Ao mesmo tempo, cresce a cobrança por humanização. Em um ambiente marcado por polarização no mundo todo, o cansaço informativo e a desconfiança nas instituições fazem com que organizações que tratam comunicação como mera defesa de tese tendam a perder espaço. Há uma disposição clara à valorização de narrativas mais honestas sobre dilemas, limitações e aprendizados. Isso não significa se expor de forma ingênua, mas reconhecer que dizer “não sabemos ainda”, “estamos revendo nossa postura” ou “erramos e corrigimos assim” pode gerar mais confiança do que mensagens impecáveis e inverossímeis. Chega de pose! Bater no peito e trazer legitimidade à conversa é um salto gigantesco no modelo que prevaleceu por décadas.
No campo mais prático, a gestão da reputação tem caminhado para um modelo integrado. Comunicação corporativa, relações institucionais e governamentais, sustentabilidade, compliance, gestão de risco, recursos humanos e até marketing começam, pelo menos em intenção, a compartilhar uma mesma leitura de cenário. Onde isso funciona melhor, a reputação deixa de ser um indicador de imagem externa e passa a ser um reflexo de como a organização se relaciona com todos os seus públicos, do colaborador ao regulador. Em vez de uma coleção de ações pontuais, surge a ideia de sistema que reúne de uma vez decisões, comportamentos, políticas internas e mensagens externas, formando uma narrativa única, testada diariamente pela realidade.
Em resumo, a tendência global na comunicação de reputação parece caminhar em três direções complementares:
Menos adorno e mais substância, na qual a reputação tem como efeito a coerência entre o que se decide, o que se faz e o que se comunica.
Menos monólogo e mais escuta, na qual a reputação é resultado de um diálogo permanente com diferentes expectativas e sensibilidades.

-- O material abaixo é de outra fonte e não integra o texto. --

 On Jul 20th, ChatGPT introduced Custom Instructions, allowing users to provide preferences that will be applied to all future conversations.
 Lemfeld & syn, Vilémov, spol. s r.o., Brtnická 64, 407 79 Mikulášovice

Menos isolamento e mais integração, que trata da reputação como responsabilidade compartilhada entre áreas, lideranças e cultura organizacional.

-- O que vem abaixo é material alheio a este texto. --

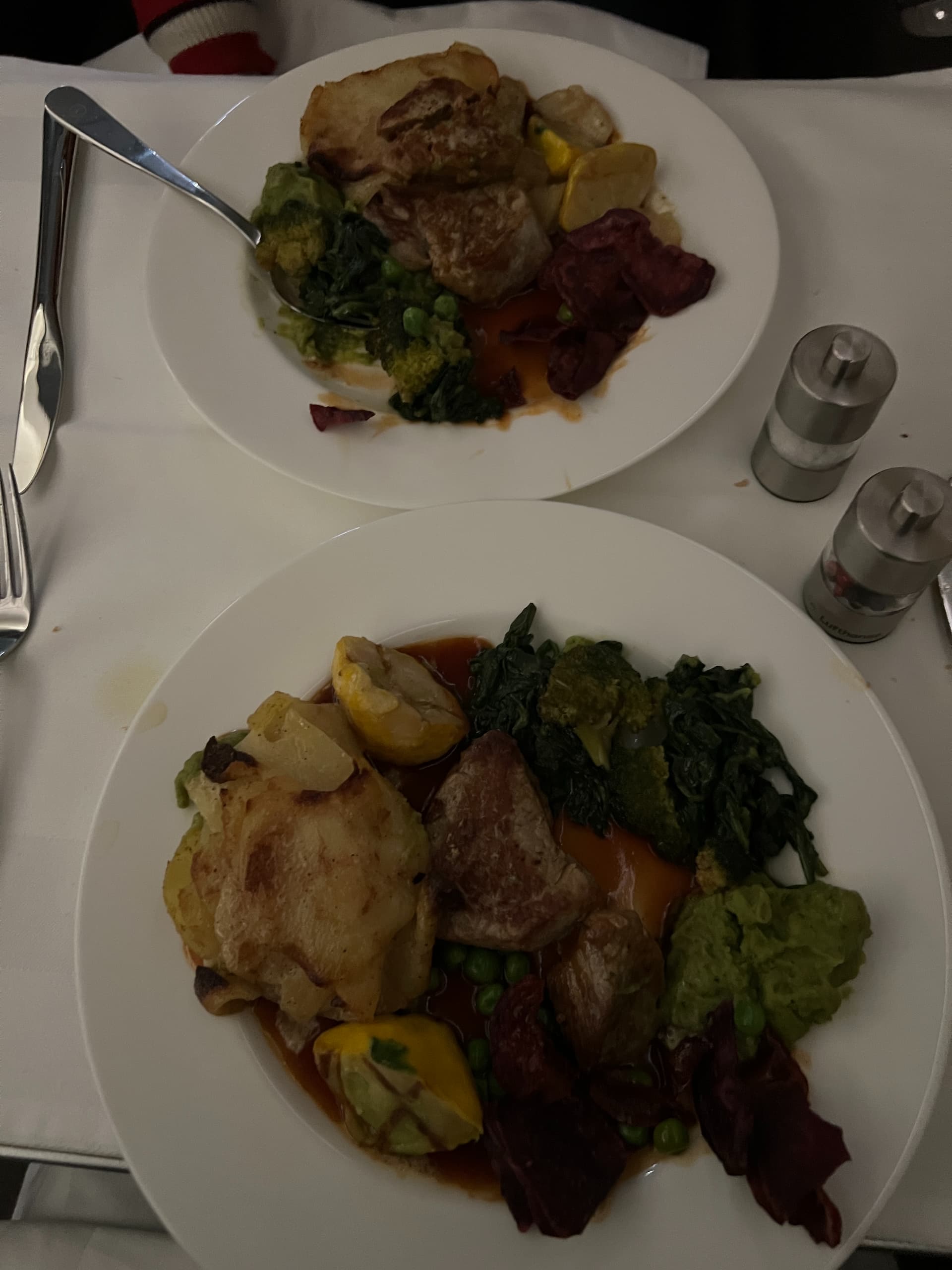 有意思的是,全舱有4人是一家挪威人,3人是中国人,还有一个单人。我们吃饭都是在第3排的座位面对面吃饭,后面吃饭聊天都快开party了吧,加上座舱长是超爱聊天的老太太,前舱估计从未如此热闹

Talvez o ponto mais importante não seja aderir a todas as tendências, mas fazer uma pergunta incômoda e permanente: a imagem que projetamos é, de fato, sustentável frente às experiências que entregamos e às escolhas que fazemos? É nessa tensão, entre discurso, prática e percepção, que a reputação está sendo redesenhada. Aqui e em boa parte do mundo.
Resumo: A reputação torna-se ativo estratégico: comunicação baseada em coerência, evidências, escuta e integração para construir confiança na era da desconfiança.